» Problem to solve
Here the job is to transcribe the data exactly while omitting the images.

» Data listing
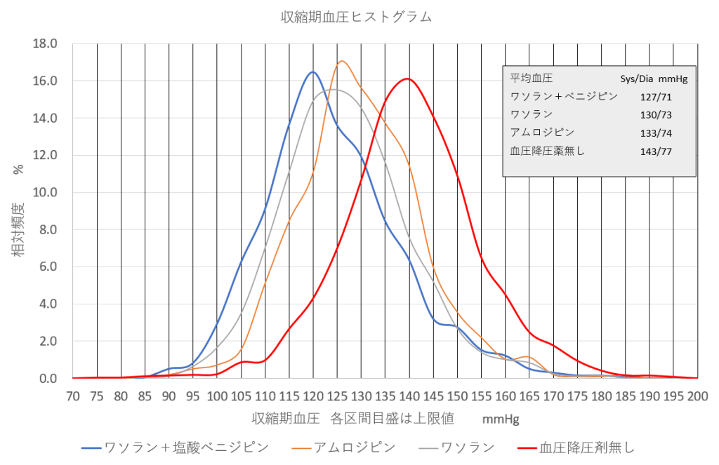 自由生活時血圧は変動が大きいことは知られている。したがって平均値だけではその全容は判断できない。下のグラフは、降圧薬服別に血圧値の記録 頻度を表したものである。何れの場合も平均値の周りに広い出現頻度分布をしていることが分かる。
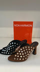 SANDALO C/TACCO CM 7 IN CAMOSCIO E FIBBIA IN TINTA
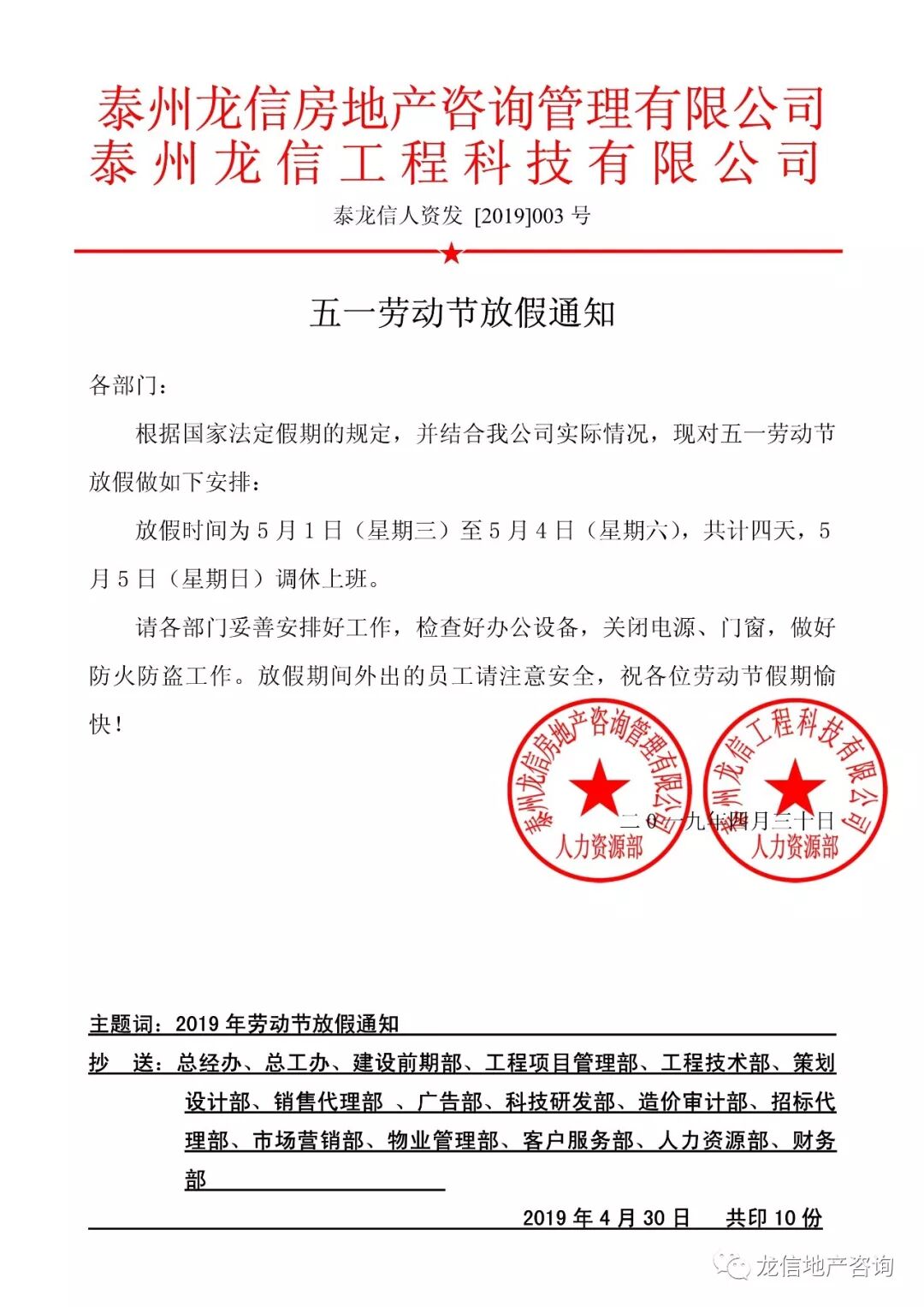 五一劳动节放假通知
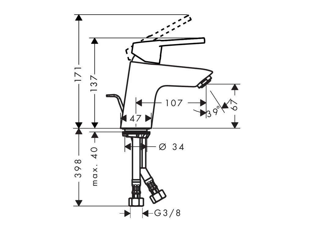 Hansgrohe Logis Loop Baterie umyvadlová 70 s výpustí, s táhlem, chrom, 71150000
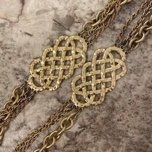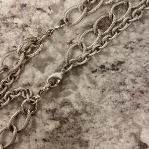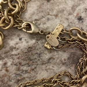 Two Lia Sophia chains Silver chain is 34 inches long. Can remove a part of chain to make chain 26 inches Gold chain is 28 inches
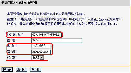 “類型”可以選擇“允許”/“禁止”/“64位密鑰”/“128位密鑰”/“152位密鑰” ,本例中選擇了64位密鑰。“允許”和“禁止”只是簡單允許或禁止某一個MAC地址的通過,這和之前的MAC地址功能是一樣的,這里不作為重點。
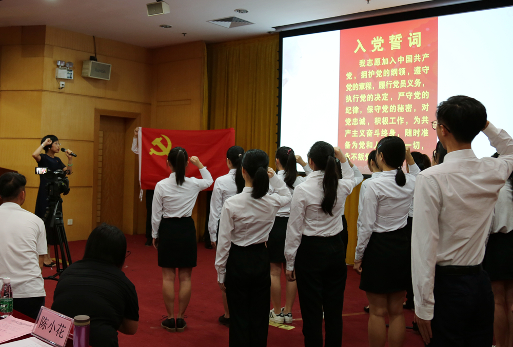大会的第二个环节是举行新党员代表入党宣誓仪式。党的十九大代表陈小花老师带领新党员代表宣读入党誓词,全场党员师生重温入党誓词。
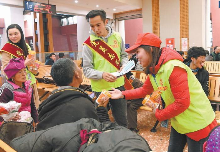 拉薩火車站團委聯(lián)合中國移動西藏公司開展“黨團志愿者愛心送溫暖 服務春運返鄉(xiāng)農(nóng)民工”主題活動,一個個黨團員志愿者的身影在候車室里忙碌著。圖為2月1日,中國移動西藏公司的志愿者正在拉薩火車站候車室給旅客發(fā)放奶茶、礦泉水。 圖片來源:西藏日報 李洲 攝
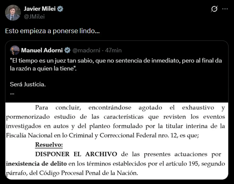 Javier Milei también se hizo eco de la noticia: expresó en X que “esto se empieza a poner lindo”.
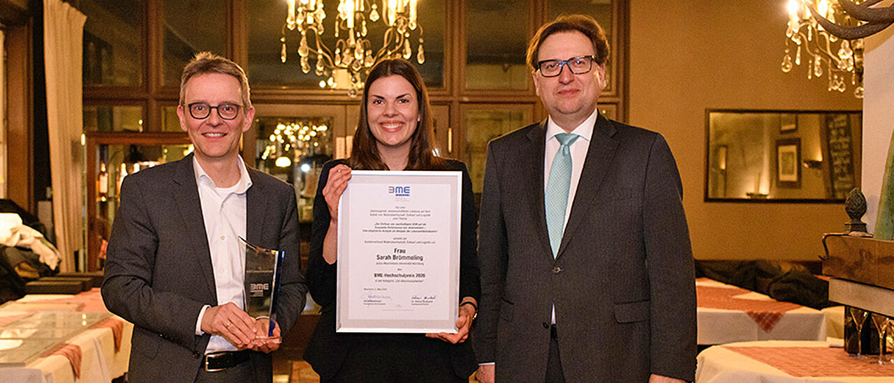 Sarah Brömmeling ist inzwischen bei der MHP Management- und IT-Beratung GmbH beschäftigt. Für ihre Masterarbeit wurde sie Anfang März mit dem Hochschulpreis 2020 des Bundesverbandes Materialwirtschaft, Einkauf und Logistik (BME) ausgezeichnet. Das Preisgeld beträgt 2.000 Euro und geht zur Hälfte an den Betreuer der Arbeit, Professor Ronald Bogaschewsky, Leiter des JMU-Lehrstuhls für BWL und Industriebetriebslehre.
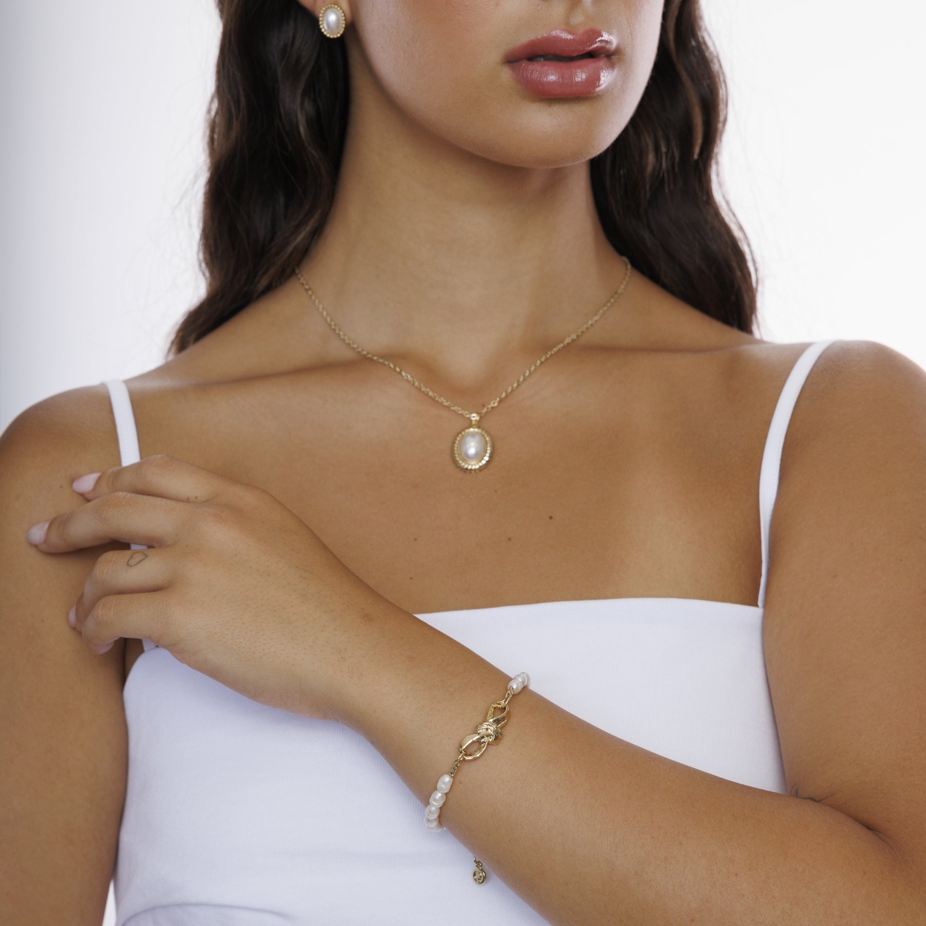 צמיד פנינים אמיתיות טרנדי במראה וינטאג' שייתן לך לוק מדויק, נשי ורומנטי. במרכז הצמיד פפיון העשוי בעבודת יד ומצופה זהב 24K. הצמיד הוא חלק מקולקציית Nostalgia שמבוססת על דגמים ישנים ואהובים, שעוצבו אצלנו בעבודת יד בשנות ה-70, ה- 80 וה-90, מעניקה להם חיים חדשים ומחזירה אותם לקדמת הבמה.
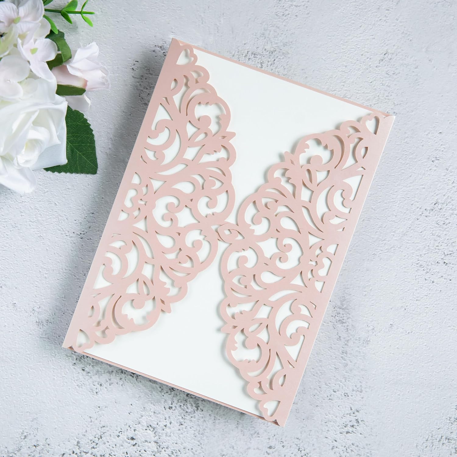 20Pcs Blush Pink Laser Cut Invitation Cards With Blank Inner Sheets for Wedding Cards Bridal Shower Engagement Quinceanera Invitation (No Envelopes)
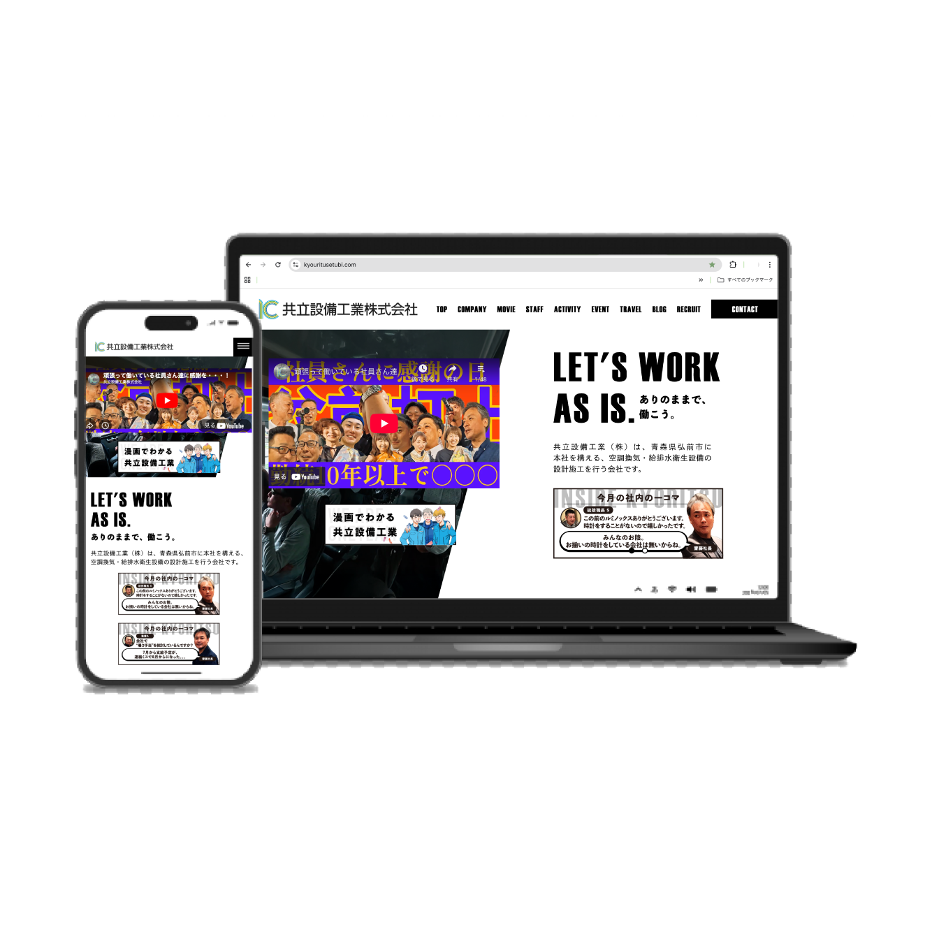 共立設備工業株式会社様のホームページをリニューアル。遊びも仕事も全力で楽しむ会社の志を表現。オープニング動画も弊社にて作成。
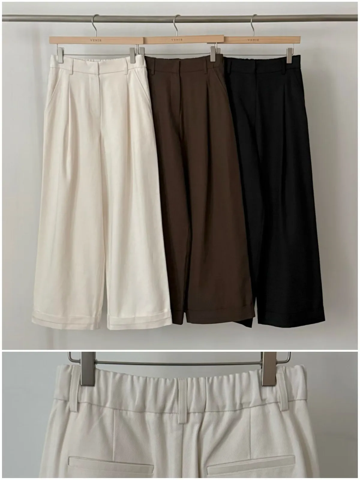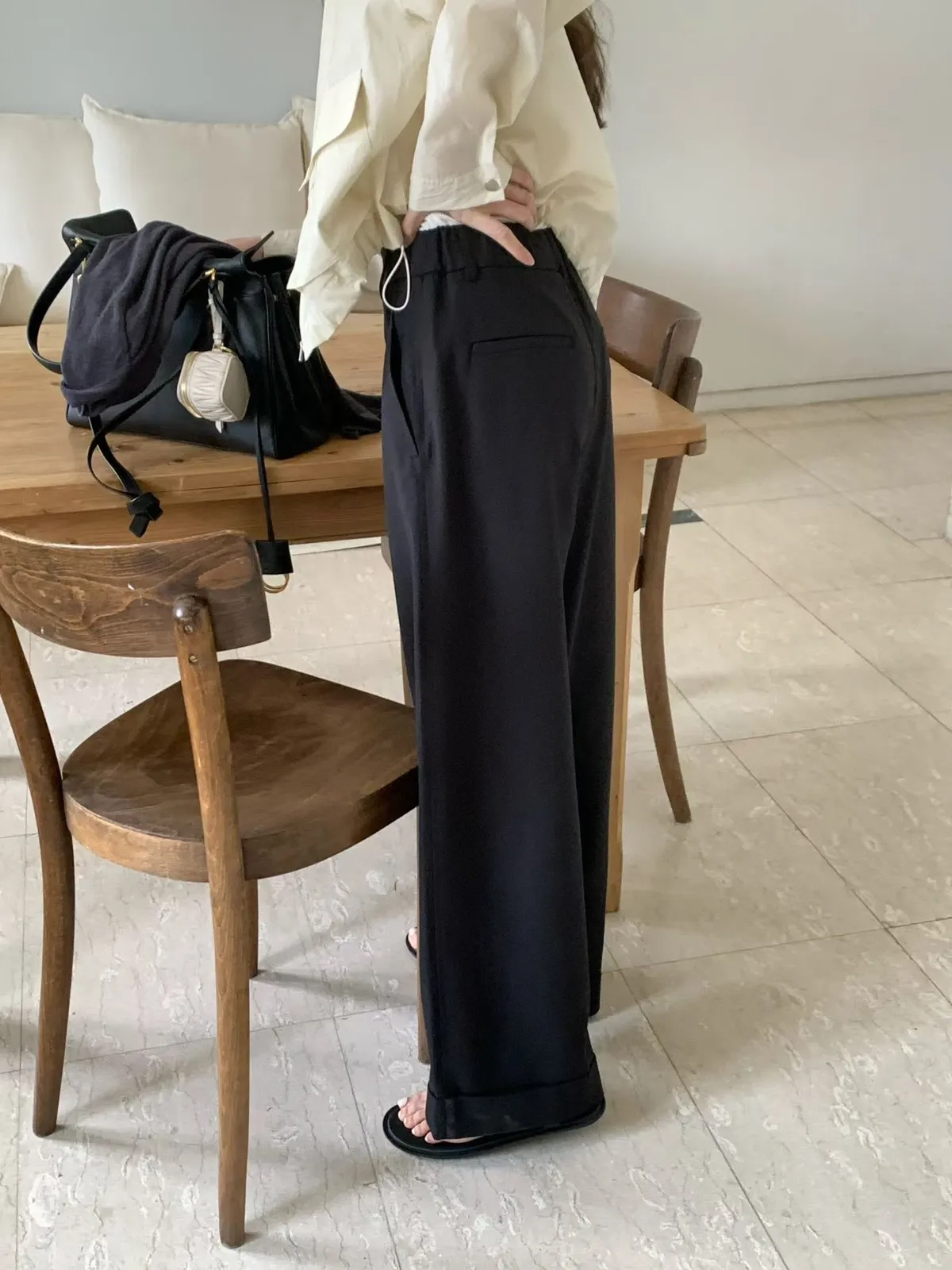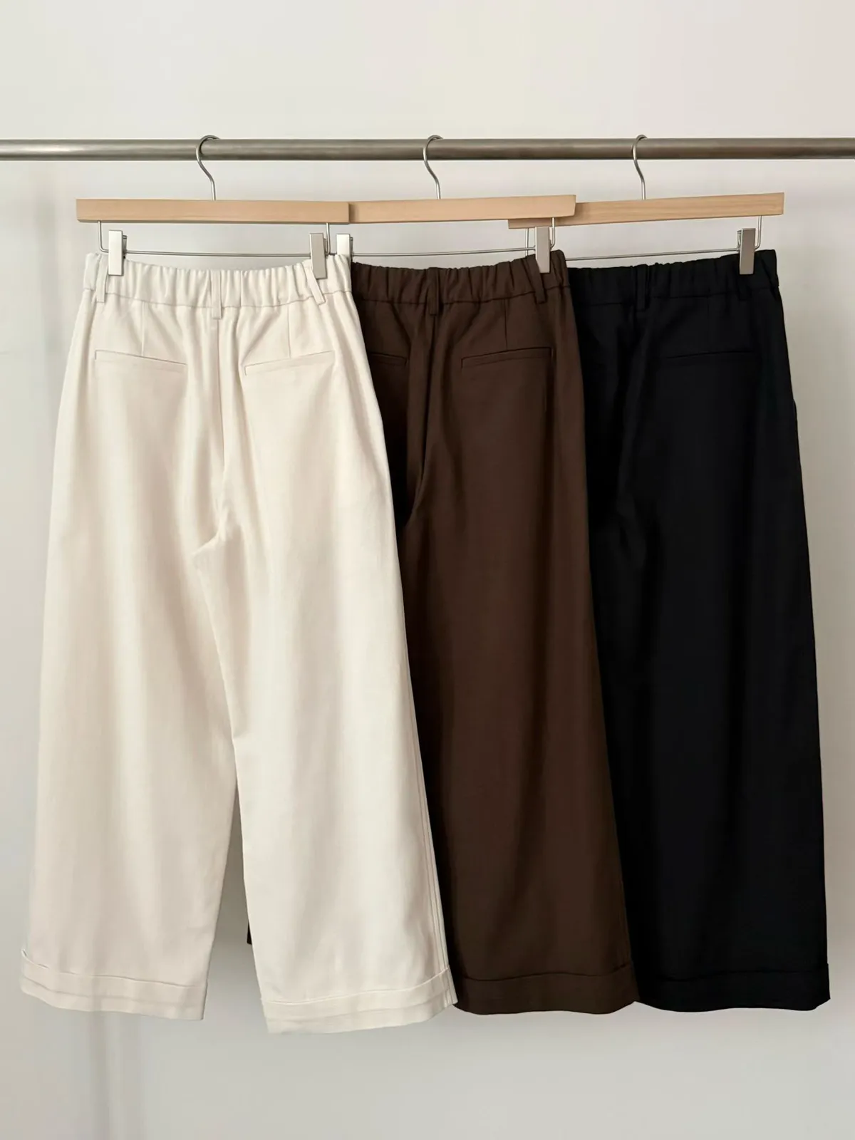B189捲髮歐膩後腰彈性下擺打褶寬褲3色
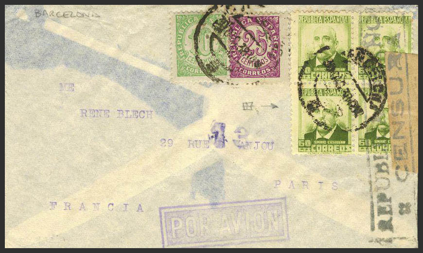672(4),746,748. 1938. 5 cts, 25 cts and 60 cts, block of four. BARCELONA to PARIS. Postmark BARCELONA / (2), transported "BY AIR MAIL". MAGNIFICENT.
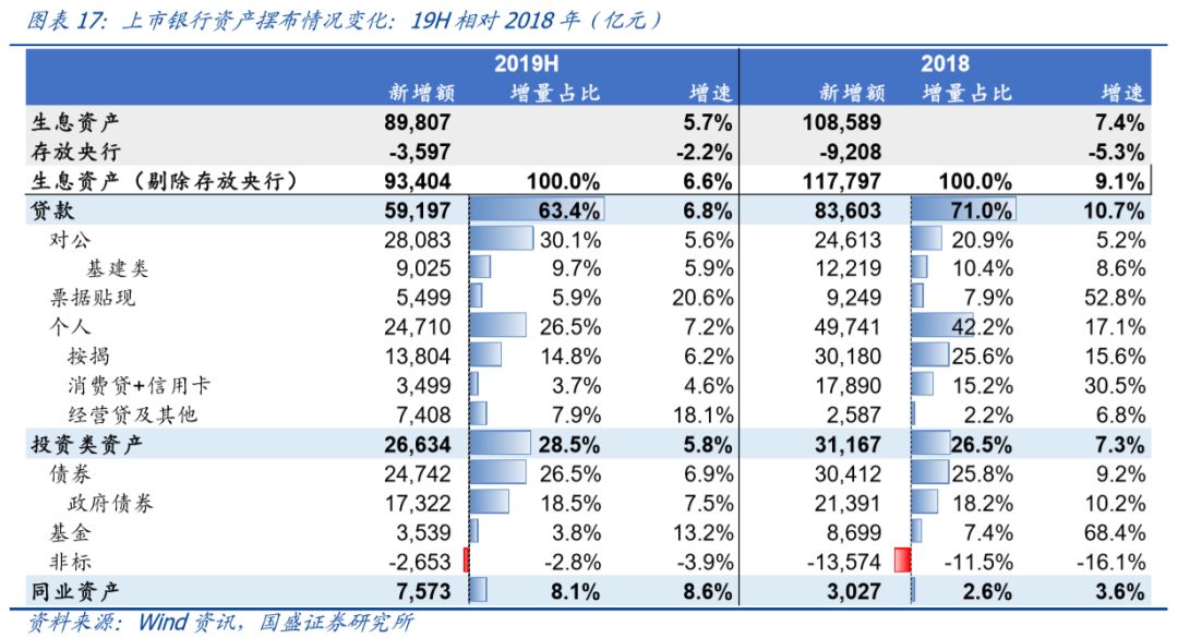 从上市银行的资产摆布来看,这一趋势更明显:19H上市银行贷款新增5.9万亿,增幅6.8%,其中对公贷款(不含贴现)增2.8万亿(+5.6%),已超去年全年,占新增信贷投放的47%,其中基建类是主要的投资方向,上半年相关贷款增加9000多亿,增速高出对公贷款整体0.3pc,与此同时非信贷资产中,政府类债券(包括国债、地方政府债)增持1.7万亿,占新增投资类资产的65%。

» Exercise solution
 自由生活時血圧は変動が大きいことは知られている。したがって平均値だけではその全容は判断できない。下のグラフは、降圧薬服別に血圧値の記録 頻度を表したものである。何れの場合も平均値の周りに広い出現頻度分布をしていることが分かる。
 SANDALO C/TACCO CM 7 IN CAMOSCIO E FIBBIA IN TINTA
 五一劳动节放假通知
 Hansgrohe Logis Loop Baterie umyvadlová 70 s výpustí, s táhlem, chrom, 71150000
 Two Lia Sophia chains Silver chain is 34 inches long. Can remove a part of chain to make chain 26 inches Gold chain is 28 inches
 “類型”可以選擇“允許”/“禁止”/“64位密鑰”/“128位密鑰”/“152位密鑰” ,本例中選擇了64位密鑰。“允許”和“禁止”只是簡單允許或禁止某一個MAC地址的通過,這和之前的MAC地址功能是一樣的,這里不作為重點。
大会的第二个环节是举行新党员代表入党宣誓仪式。党的十九大代表陈小花老师带领新党员代表宣读入党誓词,全场党员师生重温入党誓词。
 拉薩火車站團委聯(lián)合中國移動西藏公司開展“黨團志愿者愛心送溫暖 服務春運返鄉(xiāng)農(nóng)民工”主題活動,一個個黨團員志愿者的身影在候車室里忙碌著。圖為2月1日,中國移動西藏公司的志愿者正在拉薩火車站候車室給旅客發(fā)放奶茶、礦泉水。 圖片來源:西藏日報 李洲 攝
 Javier Milei también se hizo eco de la noticia: expresó en X que “esto se empieza a poner lindo”.
 Sarah Brömmeling ist inzwischen bei der MHP Management- und IT-Beratung GmbH beschäftigt. Für ihre Masterarbeit wurde sie Anfang März mit dem Hochschulpreis 2020 des Bundesverbandes Materialwirtschaft, Einkauf und Logistik (BME) ausgezeichnet. Das Preisgeld beträgt 2.000 Euro und geht zur Hälfte an den Betreuer der Arbeit, Professor Ronald Bogaschewsky, Leiter des JMU-Lehrstuhls für BWL und Industriebetriebslehre.
 צמיד פנינים אמיתיות טרנדי במראה וינטאג' שייתן לך לוק מדויק, נשי ורומנטי. במרכז הצמיד פפיון העשוי בעבודת יד ומצופה זהב 24K. הצמיד הוא חלק מקולקציית Nostalgia שמבוססת על דגמים ישנים ואהובים, שעוצבו אצלנו בעבודת יד בשנות ה-70, ה- 80 וה-90, מעניקה להם חיים חדשים ומחזירה אותם לקדמת הבמה.
 20Pcs Blush Pink Laser Cut Invitation Cards With Blank Inner Sheets for Wedding Cards Bridal Shower Engagement Quinceanera Invitation (No Envelopes)
 共立設備工業株式会社様のホームページをリニューアル。遊びも仕事も全力で楽しむ会社の志を表現。オープニング動画も弊社にて作成。
B189捲髮歐膩後腰彈性下擺打褶寬褲3色
672(4),746,748. 1938. 5 cts, 25 cts and 60 cts, block of four. BARCELONA to PARIS. Postmark BARCELONA / (2), transported "BY AIR MAIL". MAGNIFICENT.
 从上市银行的资产摆布来看,这一趋势更明显:19H上市银行贷款新增5.9万亿,增幅6.8%,其中对公贷款(不含贴现)增2.8万亿(+5.6%),已超去年全年,占新增信贷投放的47%,其中基建类是主要的投资方向,上半年相关贷款增加9000多亿,增速高出对公贷款整体0.3pc,与此同时非信贷资产中,政府类债券(包括国债、地方政府债)增持1.7万亿,占新增投资类资产的65%。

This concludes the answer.